Peças produzidas artesanalmente com materiais atóxicos, veganos e reaproveitados (upcycicling)
O resultado são peças de vestuário que além de trazerem uma história são feitas de modo artesanal e altamente customizadas: nenhuma peça é igual a outra.
A estampagem vem do processo de garimpo que a Insecta faz pelo Brasil (Porto Alegre, Campo Grande e São Paulo) e também no exterior, bem como de tecidos feitos de PET reciclado. Além disso, todos os sapatos e acessórios são 100% únicos não só pelas estampas mas pelo cuidado em personalizar cada peça.
Segundo nos contou, para Barbara a Insecta é movida pela vontade de devolver diretamente ao planeta, ajudando socialmente alguém ou o meio ambiente. Afinal, “o papel do empreendedor não é só enxergar o lucro”.
Visão essa que fez ainda mais sentido quando participou da última turma do Inovação Social. Viu no curso que há grandes negócios acontecendo no Brasil e no mundo que são capazes de unir a transformação social e serem rentáveis, porque rompem o paradigma da escassez. É possível criar relações, negócios e sistema em que todos ganham.
Depois dessa experiência, para Barbara, a lógica do ganha-ganha-ganha que vivenciou na Escola Design Thinking fez ainda mais sentido para continuar empreendendo na Insecta Shoes e reforçou para ela o papel socioambiental que a empresa possui no universo da moda. Questionada sobre o significado de negócio e empreendedorismo social, acredita no equilíbrio entre a lucratividade do negócio e o impacto que gera na sociedade.

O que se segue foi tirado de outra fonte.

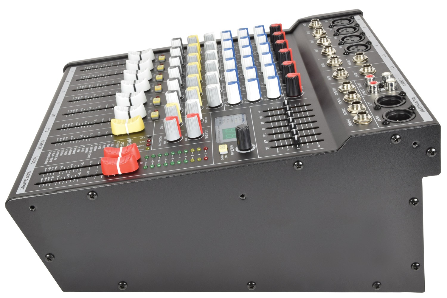 Powered 8-channel mixer with balanced mic/line and 2 stereo inputs, 3-band per-channel EQ, aux send, 16-program DSP with tap tempo, 7-band global graphic EQ, built-in stereo amplifier, balanced main outputs.

Como visto, a indústria da moda está passando por profundas transformações. Afinal, o modelo mental que conduz o mundo também está mudando. Como todo momento de transformação, estamos diante concomitantemente de modelos mentais novos e velhos. Que geram abundância ou que geram escassez. Nessa encruzilhada, cabem às empresas, organizações e governos qual caminho seguir.
O fato é que há um mundo abundante emergindo em que todos esses atores são capazes de propor soluções aos problemas mais complexos de forma mais justa e ampla, beneficiando a sociedade como um todo, não apenas alguns indivíduos.
A inovação passa a atingir o patamar social, como aquela capaz de gerar impacto positivo em larga escala, resolvendo os desafios socioambientais do mundo.
Sob esse espectro, o conceito de inovação social extrapola a ideia de que trata de uma área da inovação, mas que, representa, a evolução da inovação. A inovação social é e será o novo motor para pensar e resolver problemas que atingem toda a sociedade.
É preciso quebrar o tabu de que a inovação social está restrita a um setor da economia, tradicionalmente o terceiro setor. Toda organização, negócio ou indivíduo que queira resolver problemas sistêmicos pode – e deve – se apoiar no modelo mental, ferramentas e conceitos que a inovação social oferece.